Chris Li <chrisl@xxxxxxxxxx> writes:

> On Tue, Mar 28, 2023 at 06:41:54PM -0700, Yosry Ahmed wrote:
>> My main concern here would be having two separate swap counting
>> implementations -- although it might not be the end of the world. It
>> would be useful to consider all the options. So far, I think we have
>
> Agree.
>
>> been discussing 3 alternatives:
>> 
>> (a) The initial swap_desc proposal.
>> (b) Add an optional indirection layer that can move swap entries
>> between swap devices and add a virtual swap device for zswap in the
>> kernel.
>
> For the completeness sake let me add some option that have both pros
> and cons.
>
> (d) There is the google's ghost swap file. I understand it mean a bit
> ABI change. It has the advantange that it allow more than one
> zswap swapfile. Google use it that way. Another consideration is
> that ghost swap file compatible with exisiting swapon behavior.
> You can see how much swap entry was used from swapon summary.
> Some application might depend on that.
>
> We might able to find some way to break ABI less. 
>
>> (c) Add an optional indirection layer that can move entries between
>> different swap backends. Swap backends would be zswap & swap devices
>> for now. Zswap needs to implement swap entry management, swap
>> counting, etc.
> (f) I have been thinking of variants of (b) without adding a virtual
> swap device for zswap, using the ghost swap file instead.
>
> Also the indirection is optional per swap entry at run time.
> Some swap devices can have some entries move to another swap device.
> Only those swap entries pay the price of the indirection layer.
>
> (e) This is the long term goal I have in mind. A VFS like
> implementation for swap file. Let's call it VSW.
> This allows different swap devices using different
> swap file system implementations.

I like this too!

> A lot of the difficult trade off we have right now:
> Smaller per entry up front allocate like swap_map[] for all
> entry vs only allocating memory for swap entry that has been
> swap out, but a larger per entry allocation.

Yes.

> I believe some of those trade offs can be addressed by having a
> different swap file system. I do mean a different "mkswap"
> that kind of file system.

We may don't need that, because the swap on-disk format needn't to be
permanent across rebooting.

> We can write out some of the swap
> entry meta data to the swap file system as well. It means
> we don't have to pay the larger per swap entry allocation overhead
> for very cold pages. it might need to take two reads to swap
> in some of the very cold swap entries. But that should be rare.

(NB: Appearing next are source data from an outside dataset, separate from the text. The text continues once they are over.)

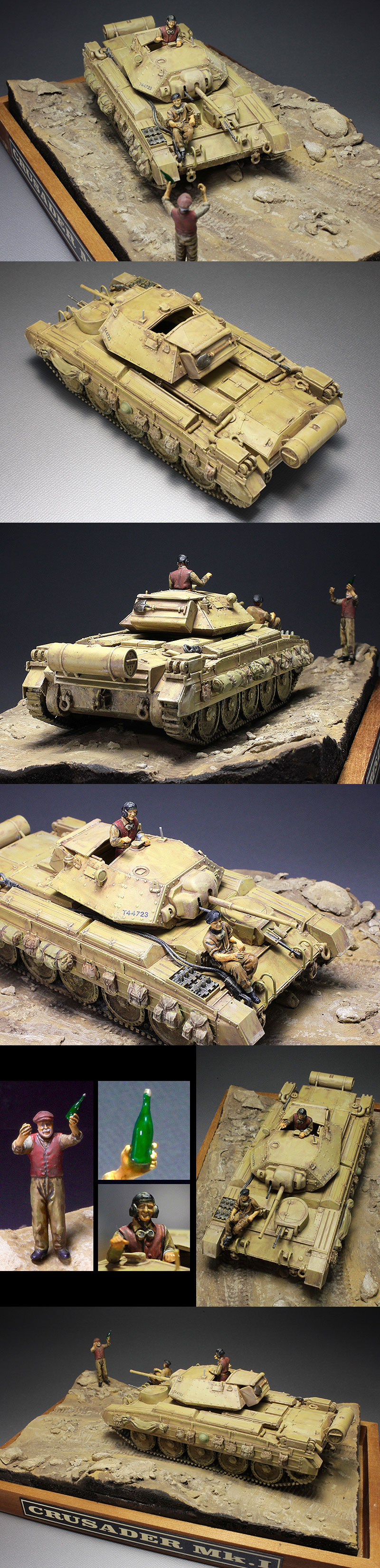 ★クルセーダーMk.I仕様で作成しました。 ★基本塗装を施して、エナメルブラウン等でウォッシング〜ドライブラシでハイライトを入れました。 ★車輪にMr.ウェザリングペーストを盛り~荷物を塗り分け。 ★ビネットと更にフィギュアを追加。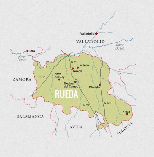 La D. O. Rueda se sitúa en el sector central de la depresión que forma el río Duero, constituyendo una altiplanicie de suaves relieves y vertientes sometidas a los vientos atlánticos. Amplias terrazas aluviales y dilúviales en los márgenes del Duero y de sus afluentes Trabancos, Zapardiel y Adaja.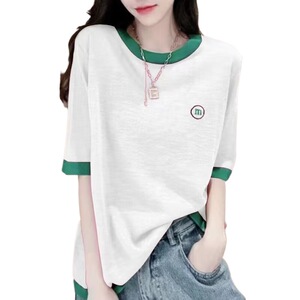 女性のための半袖竹綿 Tシャツ 2025 春夏新作薄い大きいサイズルーズカジュアルスプライシング半袖トップ女性のための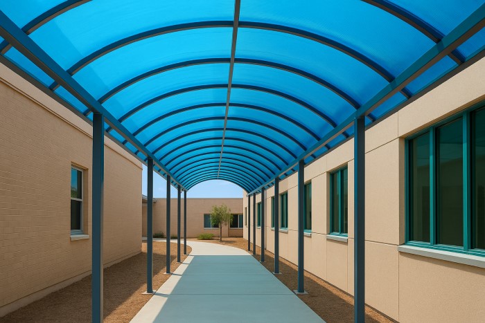 Nhà xe, nhà chờ, hành lang: Dễ lắp đặt, bền đẹp, giữ không gian sáng thoáng.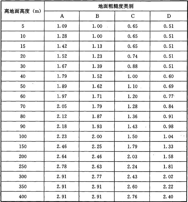 表B.0.1 風(fēng)壓高度變化系數(shù)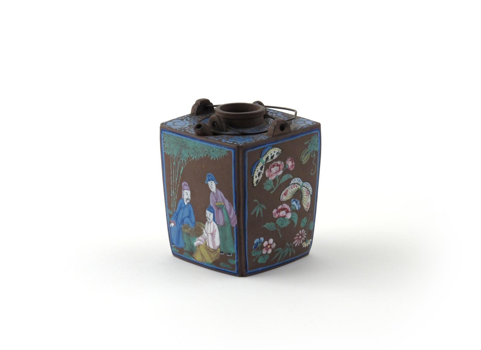 A small Yixing teapot with external warmer 19th century, the narrow cylindrical body fitted without a square section flask enamelled with figures in garden scenes to two sides, butterflies and flowers elsewhere, the cover lacking, 11cm. (2) Provenance: the Arthur J Harris collection. Illustrated: Patrice Valfré, Yixing: Teapots for Europe, no.101.
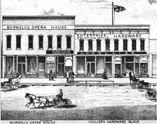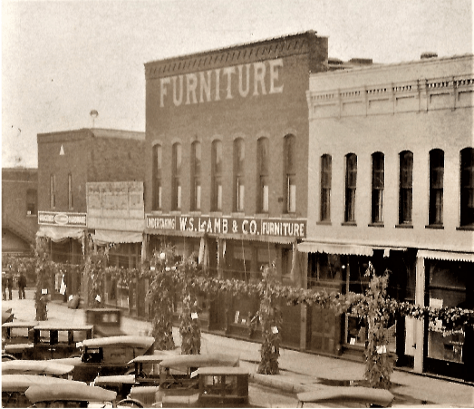 – One of the most recognizable and historical buildings currently listed as THE STORE since 2016 located at 105-107 North Sangamon Ave. The Burwell Opera House was at 107 1/2 from 1883-1910 and W. S. Lamb and Co. Furniture and Undertaking at 105-107 during the time frame of 1888-1941. (See attached photos)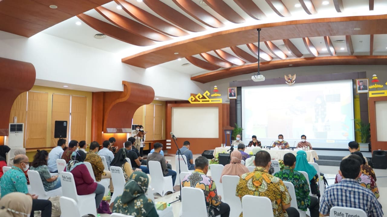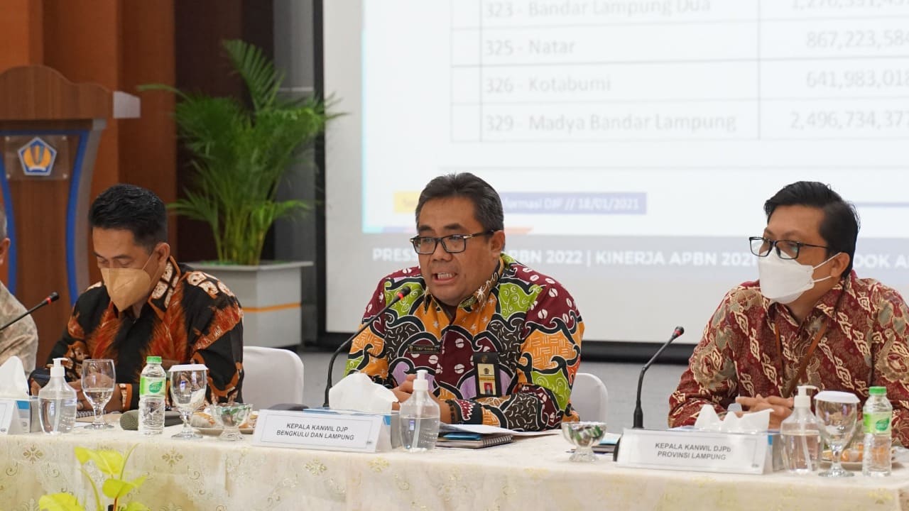 Perwakilan Kementerian Keuangan Provinsi Lampung menyelenggarakan Press Release Kinerja APBN 2021 dan Outlook APBN 2022 di Aula Rafflesiger Kanwil DJP Bengkulu dan Lampung, Kota Bandar Lampung (Kamis, 20/1).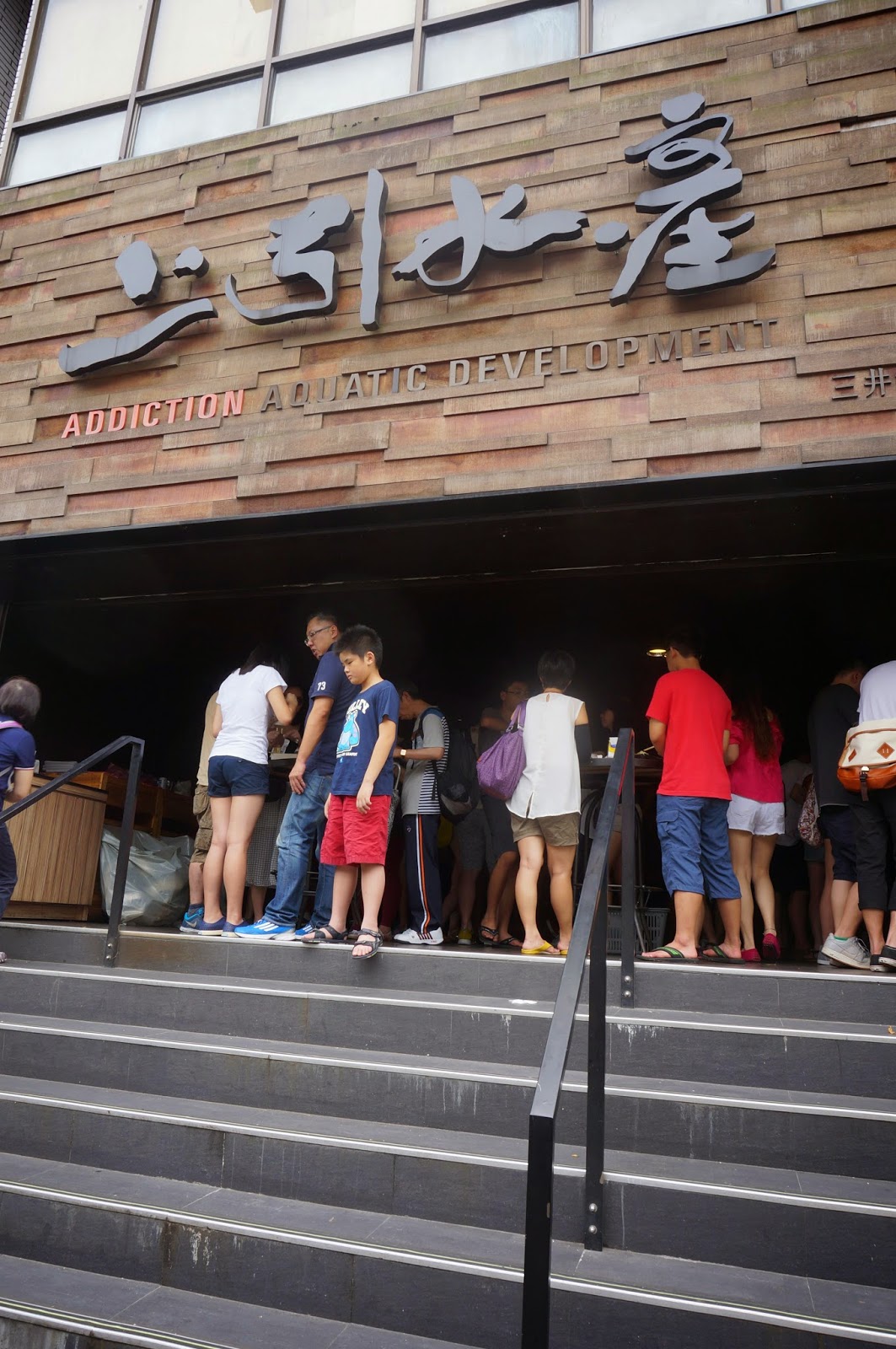 上引水產位置有點隔涉,在兩個捷運站中間,無論邊個站落都最少行20分鐘,而且好需要google map輔助。由捷運中山國中站搭的士去就台幣300蚊左右,如果肚餓我建議搭的士。哈哈。一去到門口已經見到有人企係度食緊野,因為門口放置左幾張高枱,大家可以即買即食,不過冇冷氣架。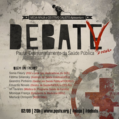 Hoje a ex-presidenta do Cebes, Sonia Fleury, participará do #DEBATV, uma parceria entre o Coletivo Calisto e Mídia NINJA. Será o segundo programa de uma série que tem como objetivo discutir as principais bandeiras levantadas nas manifestações junto ao movimento civil. A pauta dessa segunda será O desmantelamento e a privatização da Saúde e a atual situação do SUS. O programa será transmitido ao vivo no site www.postv.org, a partir das 20 horas.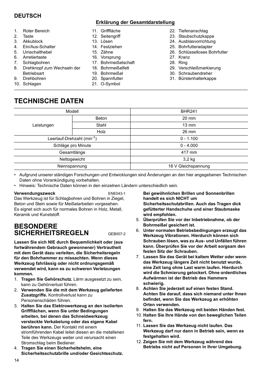 BEDIENUNGSANLEITUNG BHR241 MAKITA
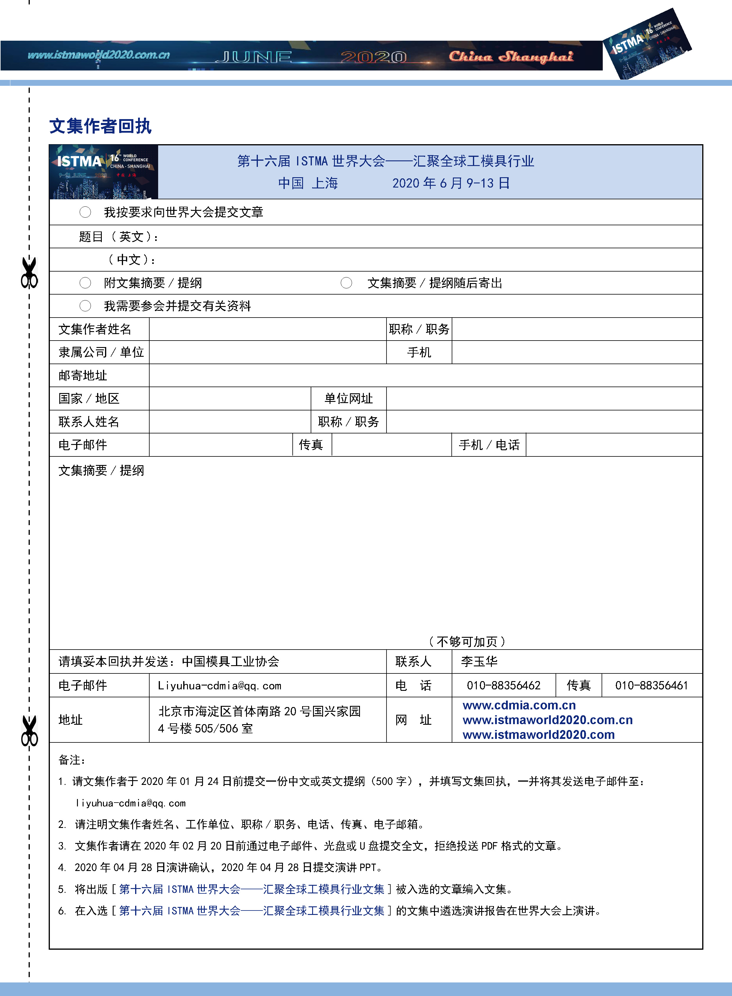 ISTMA世界大會(huì )文集征集-附件回執表.docx

Sound like a good idea.  At least can be investigated further.

> It can offer benefits for swapping out larger folio as well.
> Right now swapping out large folios still needs to go through
> the per 4k page swap index allocation and break down.
>
> Basically, modernized the swap file system.
>
> The redirection layer should be able to implement within VSW
> as well.
>
> I know that is a very ambitious plan :-)

Yes.

> We can do that incrementally. The swap file system doesn't have
> much backward compatibility cross reboot, should be easier than
> the normal file system.

Agree.

Best Regards,
Huang, Ying